(b) If equilibrium constant for formation of 1 mole ammonia from hydrogen and nitrogen is X. What will be equilibrium constant for dissociation of 2 moles ammonia?
Answers
Explanation:
The equilibrium constant of a reaction depends only on temperature and the equation that you write for the reaction.
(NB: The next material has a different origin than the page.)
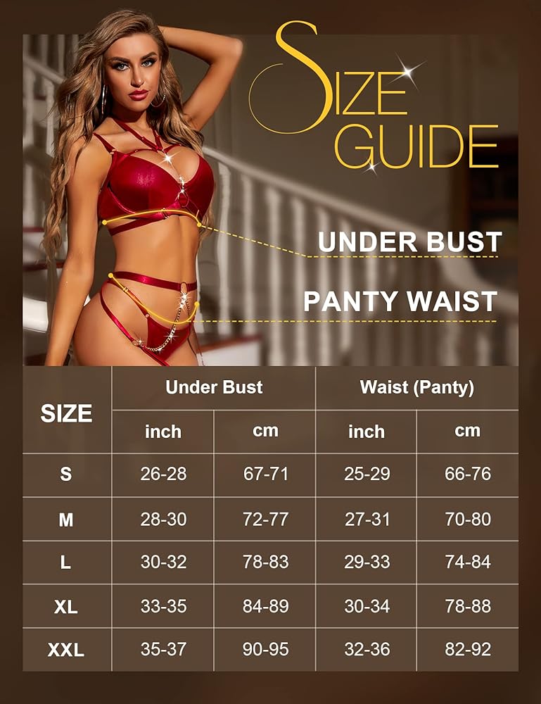 سلسلة عصرية وفريدة من نوعها: تضيف السلاسل المتلألئة لمسة من السحر وترفع من مظهرك، مما يجعلك تشعرين وكأنك أيقونة الموضة الحقيقية. تميزي عن الآخرين واحتضني شخصيتك الفردية مع مجموعة الملابس الداخلية الرائعة هذه.

It does not depend on the amounts of reactants.
So, whatever be the amount of ammonia that you start your reaction with, the equilibrium constant will have the same value.
You can write the equation for dissociation of ammonia as
(1) NH3 <=> 1/2 N2 + 3/2 H2
(2) 2 NH3 <=> N2 +3 H2
or any multiple , say nth multiple, of (1)
(3) n NH3 <=> n/2 N2 + 3*n/2 H2
Eq.(2) = 2* Eq.(1) , Eq.(3) = n* Eq.(1)
At any temperature T if K1, K2 and K3 are the equilibrium constant s respectively for (1), (2) and (3) then they are related as follows:
K2 = K1^2, K3 = K1^n
Why so?
Write the expressions for the equilibrium constants of (1), (2) .
K1 ={ [N2]^1/2} *{[H2]^3/2}/ [NH3]
K2 = [N2]*[H2]^3/ [NH3]
The equilibrium molarities ( or the partial pressures) of N2, H2 and NH3 in the two expressions are the same because they don't depend on how you write the equation.
You can easily see that K2 is the square of K1. Since Eq(2) = 2* Eq.(1) , K2 = K1^2
Similarly Eq.(3) = n*Eq.(1)
So K3 = K1^n
Hope this helps.